Three Dimensional Images from Cheap Sonar
Hans P. Moravec
The Robotics Institute
Carnegie-Mellon University
Pittsburgh, PA 15213
December 21, 1985
@Section(Introduction)
We propose to build and use moderate resolution three
dimensional space occupancy maps built from multiple measurements from
cheap sonar sensors. By cheap sonar I mean range readings obtained
from unmodified Polaroid sonar transducers driven by the original
Polaroid circuit board, or by an improved board (allowing closer
minimun ranges) from Texas Instruments. This is a simple, but highly
developed and reliable, not to mention inexpensive, system that
returns the distance to the nearest reflector in a certain wide cone
of sensitivity. Though much more information can be obtained, in
principle, from single sound bursts by modifying the aperture, phase
relationships, frequencies and processing, such an approach ignores
the present very good solution.
@Section(Past Work)
In earlier work [Moravec&Elfes 1985] we described the use of
multiple wide-angle sonar range measurements to map the surroundings
of an autonomous mobile robot. A sonar range reading provides
information concerning @r(empty) and @r(occupied) volumes in a cone
(subtending 30 degrees in our case) in front of the sensor. The
reading is modelled as probability profiles projected onto a
rasterized map, where somewhere occupied and everywhere empty areas
are represented. Range measurements from multiple points of view
(taken from multiple sensors on the robot, and from the same sensors
after robot moves) are systematically integrated in the map.

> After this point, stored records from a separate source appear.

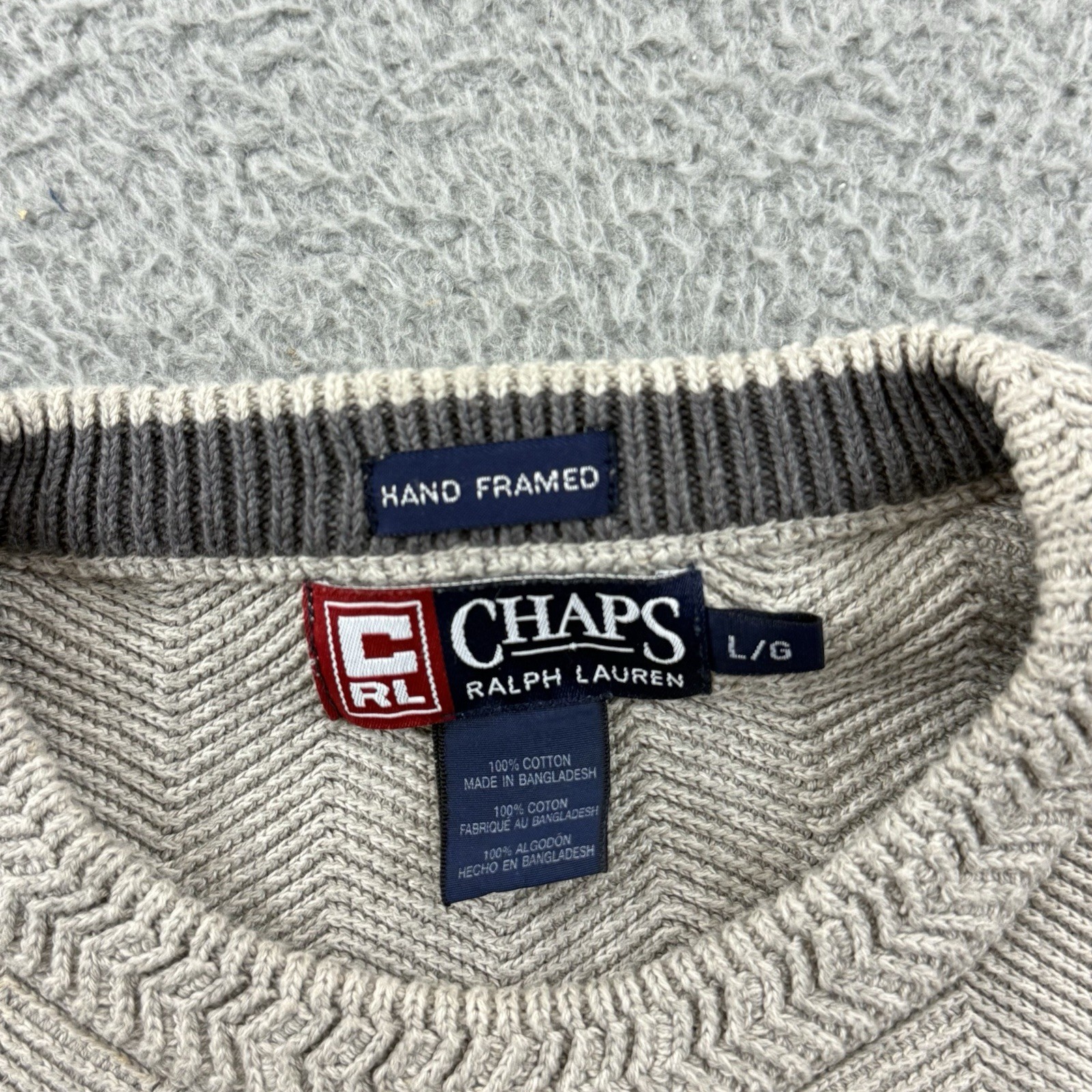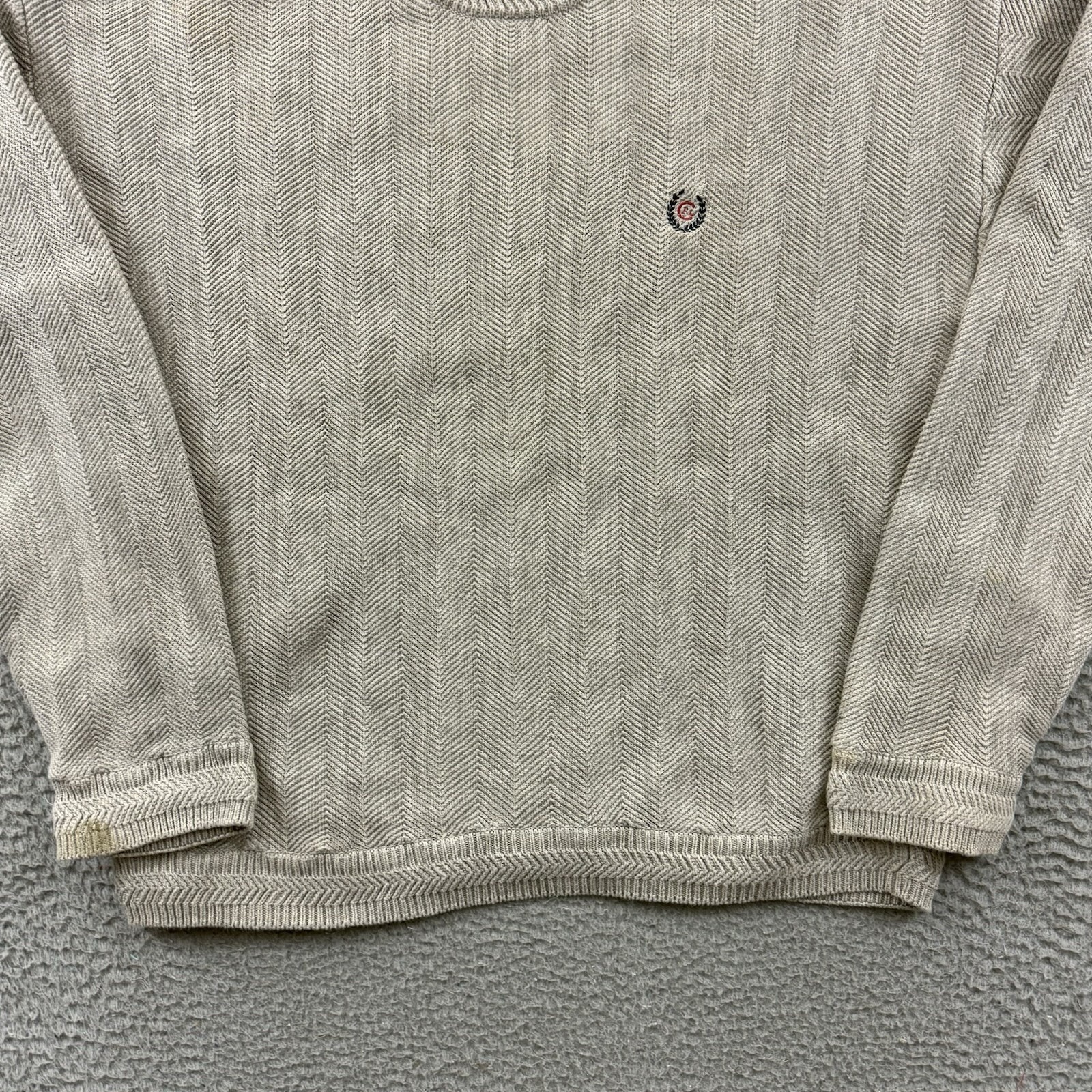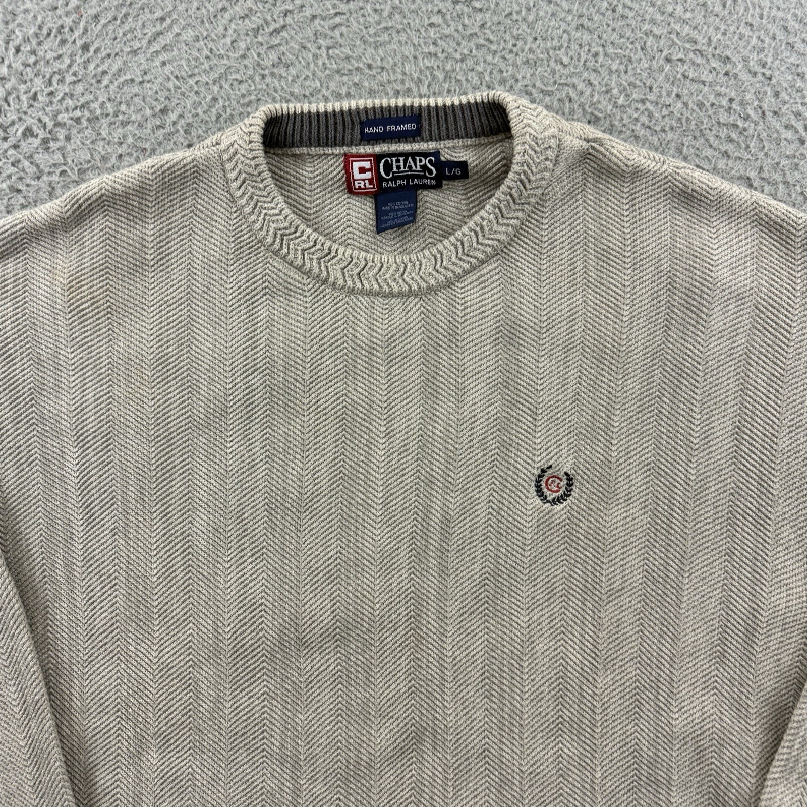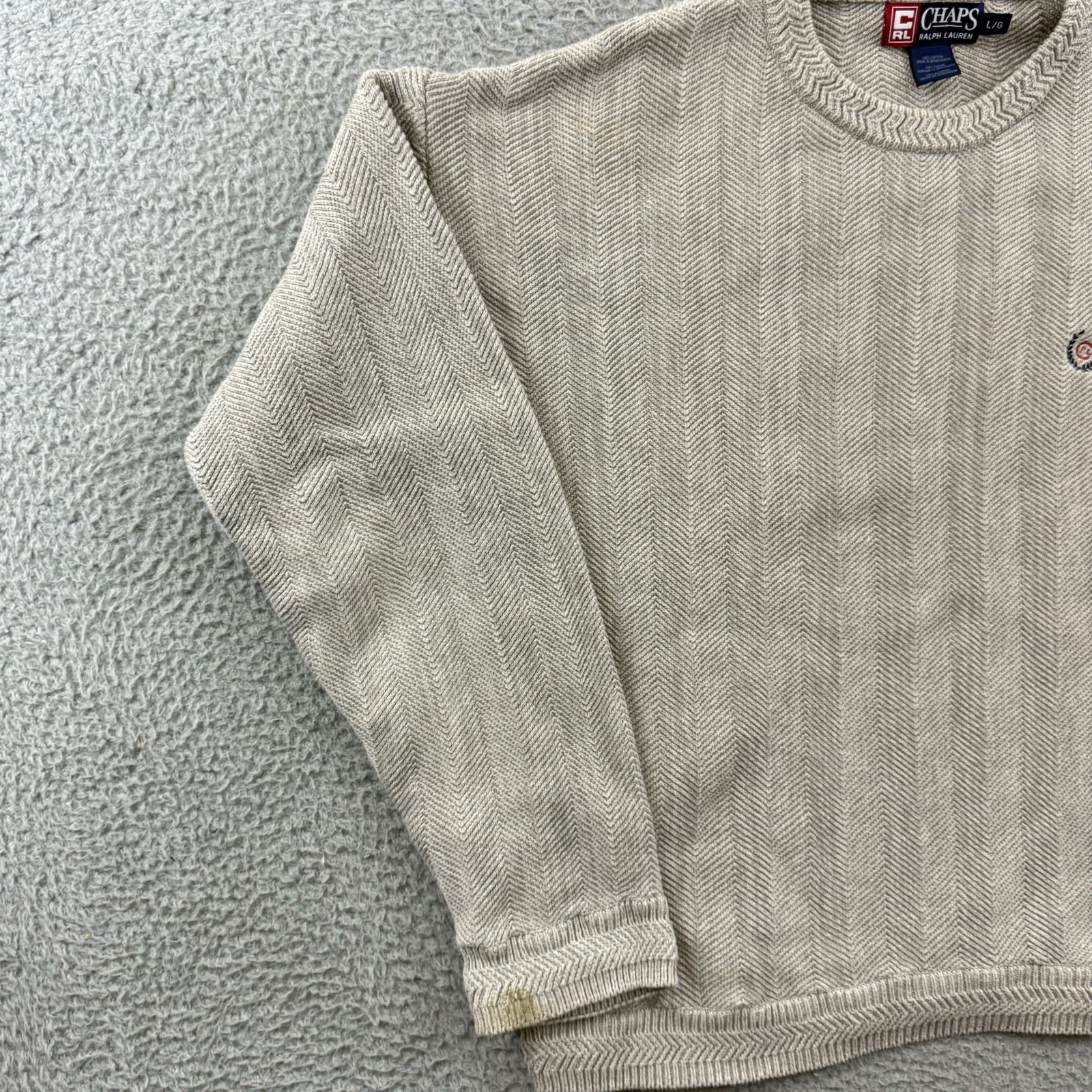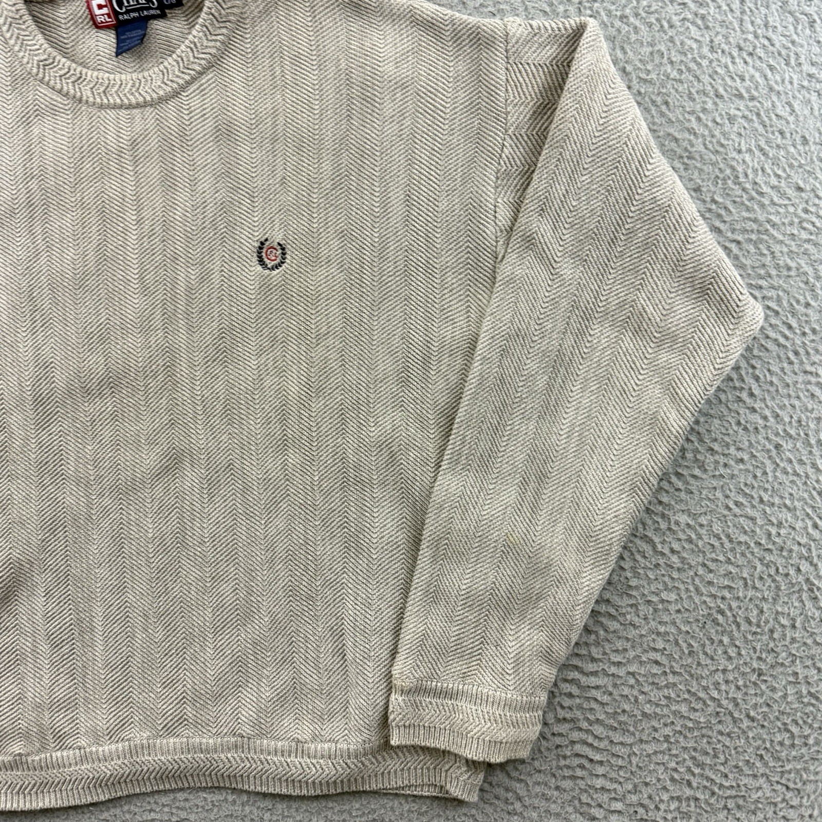 Vintage Chaps Ralph Lauren Sweater Mens Large Biege Herringbone Chunky Knit
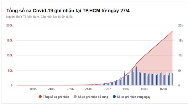 Năm tỉnh, thành phố ghi nhận số mắc cao là TP.HCM (180.245), Bình Dương (73.425), Đồng Nai (18.311), Long An (18.193), Tiền Giang (7.743).
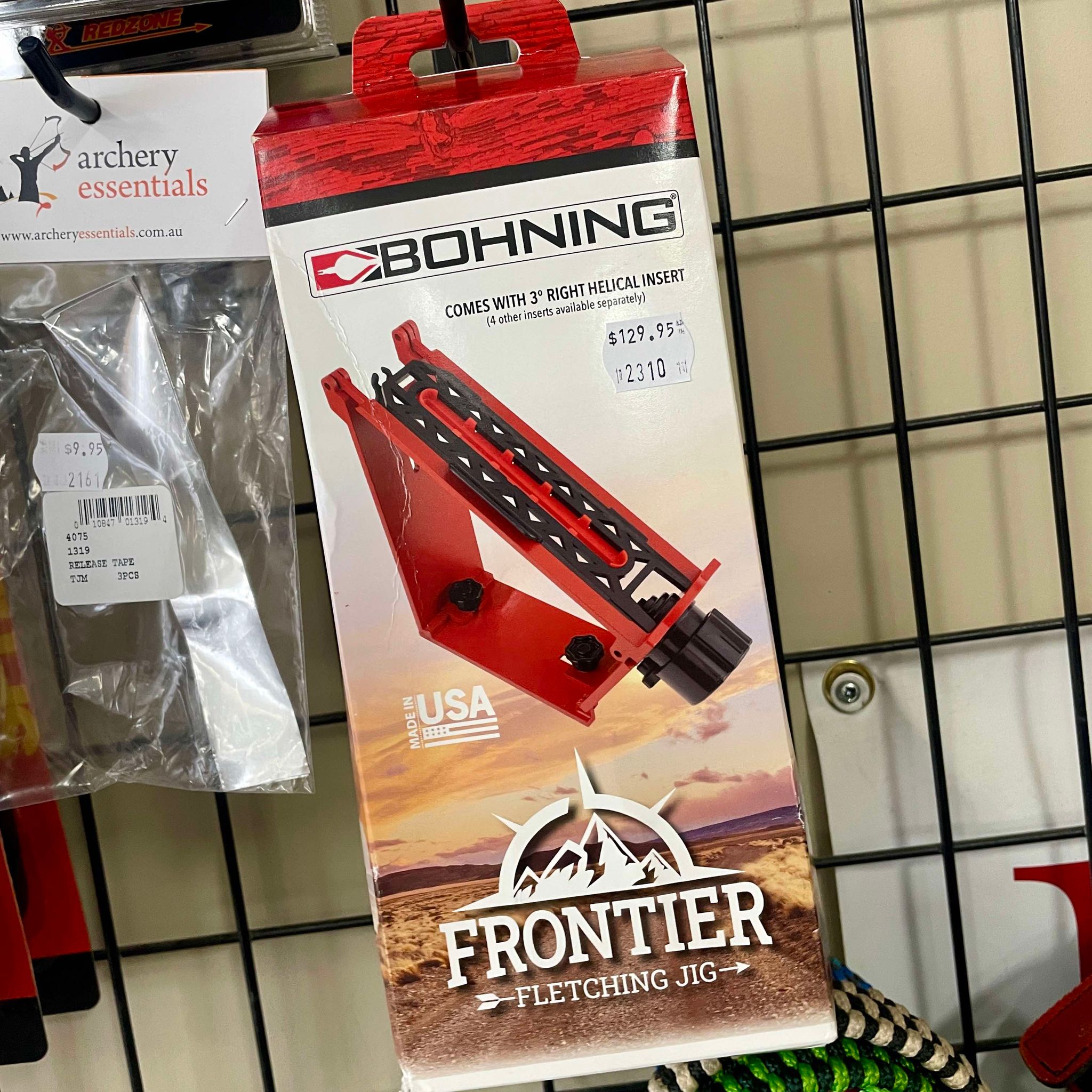 Bohning Frontier 3deg Right Helical Fletching Jig - incorporates Bohning's clamp style inserts. Fletch any diameter arrow or crossbow bolt. Easy to use. Easy to clean with Acetone. Fletches 3 degree right helical. Other inserts available. Folds flat. Portable/packable. Great for your bench, hunting camp, club, or in your pack. Fletch with nock on, perfect indexing.
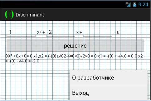 Приложение по расчету дискриминанта. Абсолютно бесплатно. Благодарю за пользование. Обо всех ошибках пожалуйста напишите в отзывах, нам этом важно! Спасибо.
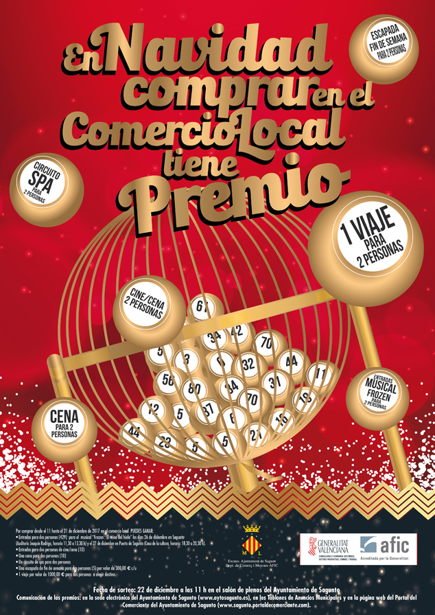 La campaña En navidad comprar en el comercio local tiene premio repartirá 655 premios valorados por un total de 15.555 euros durante las fiestas navideñas. Esta campaña creada por la delegación de Comercio del Ayuntamiento de Sagunto pretende dinamizar el comercio del municipio durante la campaña navideña con la finalidad de impulsar las compras en estas fechas, según ha informado el concejal de Comercio, Sergio Moreno, en rueda de prensa.
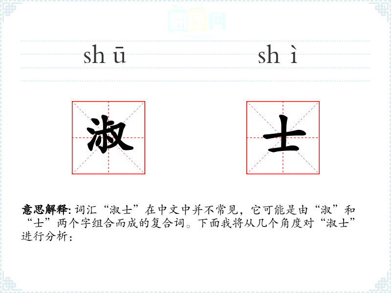 词汇“淑士”在中文中并不常见,它可能是由“淑”和“士”两个字组合而成的复合词。下面我将从几个角度对“淑士”进行分析:
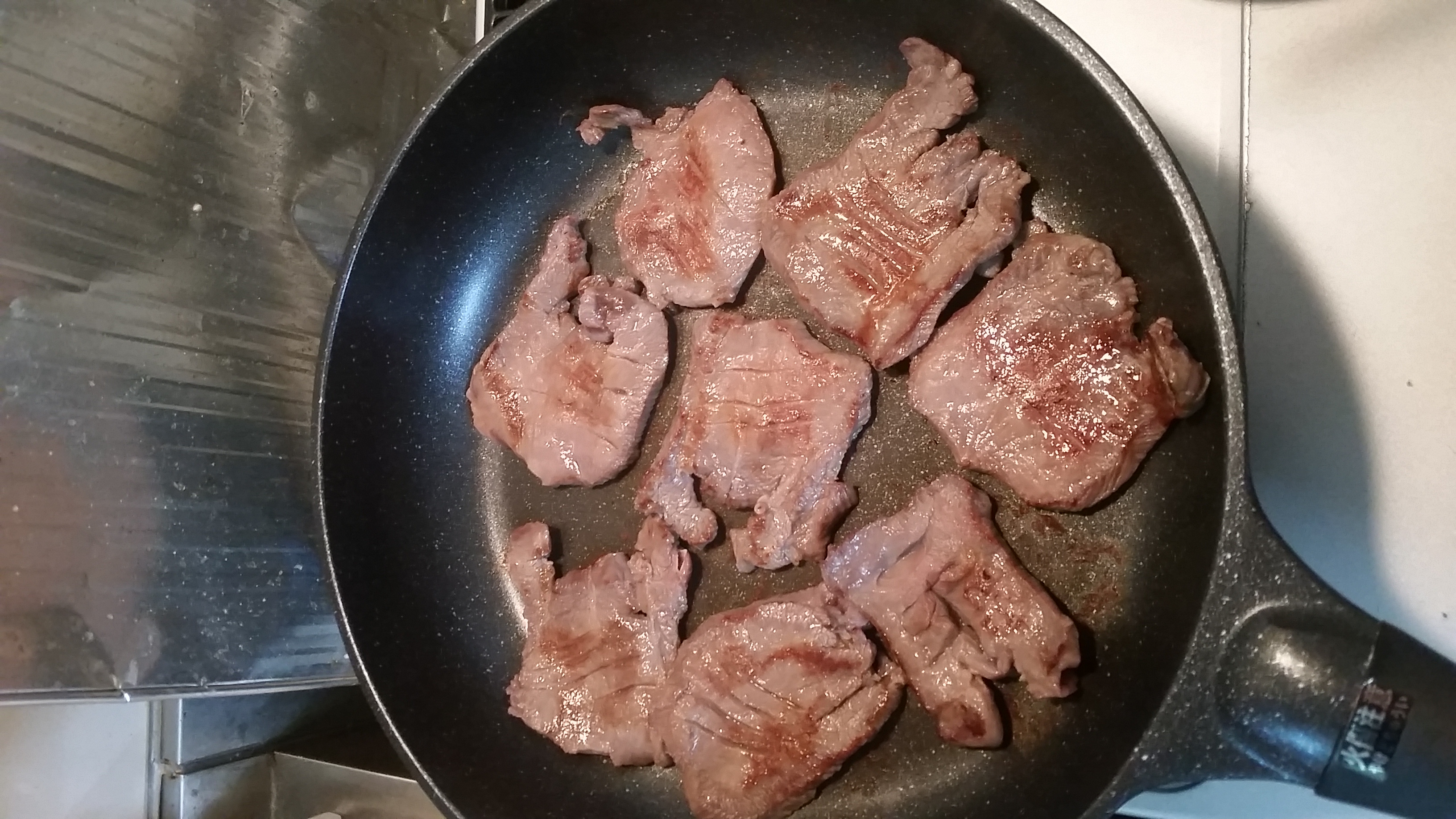 料理も味付け牛タンなのでフライパンで両面を軽く焦げ目が付く程度に焼くだけで余計な手間いらずで簡単(ご丁寧に焼き方の説明書き有り)。
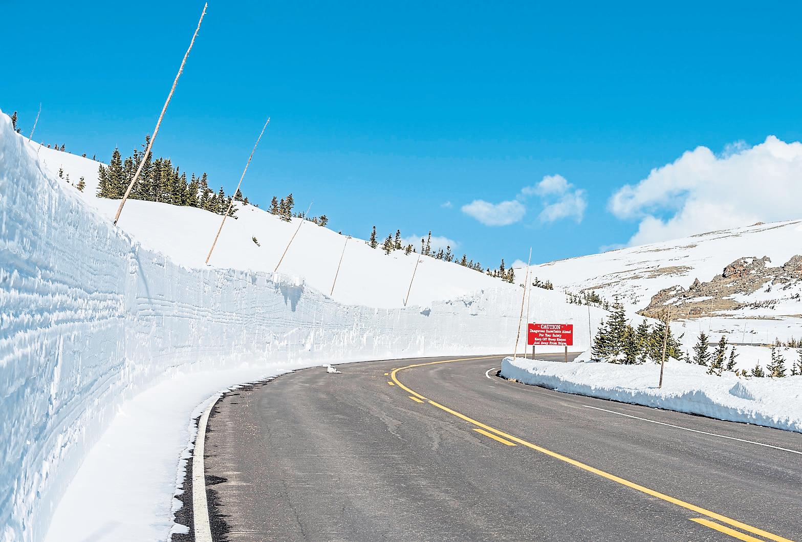 Starting in mid-April, crewsfromRocky Mountain National Park startthe dauntingannualtaskofremoving snow from theroad, pull outs andparking areasalong Trail RidgeRoad. Thesnowcan be up to 22 feet high in some spots, requiringthe crew to chew throughthe snow with plows, shovelsand backhoes in preparationofopening the road by Memorial DayWeekend.
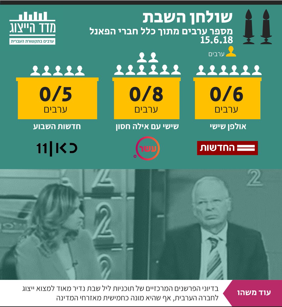 בפאנלים של שישי בערב - אין כניסה לערבים. חלפו 32 שבועות רצופים מאז הפעם האחרונה שהופיע אזרח ערבי בפאנלים של 3 תוכניות האקטואליה המרכזיות המשודרות בימי שישי בערב: "אולפן שישי" של , "שישי עם אילה חסון" של או "חדשות השבוע" של . מתי יישבר הרצף?
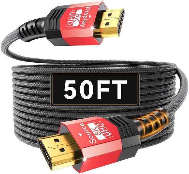DTS: X sound. Lip-sync issues are a thing of past, pulling you completely into the story. ^^ [Heavy-duty and flexible]Slim 50 HDMI to HDMI 2.1 cable features 24K gold-plated connectors, aluminum shell, built-in interference shielding and SR flexible reinforcement structure. Its flexible cable is further protected by dual-layer mesh wrapping and nylon braiding technology. After withstanding 25, 000 bend tests, it maintains its original performance, significantly extending its service life. ^^ [Simplify Your Life]8K HDMI 2.1 cable is fully backward compatible HDMI 2.0 a/ 2.0 b, it can replace every older HDMI cable in your home for a simpler, superior, and future-proof connection. It's rigorously tested for use with HDTVs, monitors, game consoles, soundbars, and more, ideal for both indoor and outdoor entertainment. ^^ [NOTE]The fiber optical hdmi 2.1 cables 50 feet has directionality. Connect the interface labeled "Source" to the input/source device (such as a player, PS, Xbox AV Receiver, etc. ), and connect the interface labeled "Display" to the display device (such as a computer, HD TV). Otherwise, the display device will not work.
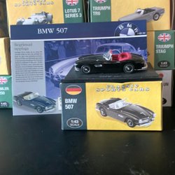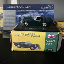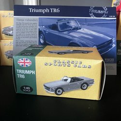 Morgan plus 8 i skala 1/43+ manual. Bilen har en mycket detaljerad interiör och exteriör. Den är tillverkad i metall och bottenplattan i plast. Bilen är i nyskick och kartongen är lika bra.
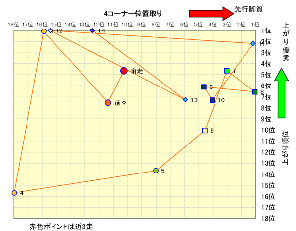 近走における4コーナーでの位置取りと上がり順位(頭数補正後) |

Overlapping empty volumes re-inforce each other, and serve to condense
the range of occupied volumes. The map definition improves as more
readings are added. The final map shows regions probably occupied,
probably unoccupied, and unknown areas. The method deals effectively
with clutter, and can be used for motion planning and for extended
landmark recognition. This system was tested on our @i(Neptune)
mobile robot, and recently outdoors on the @i(Terregator) robot.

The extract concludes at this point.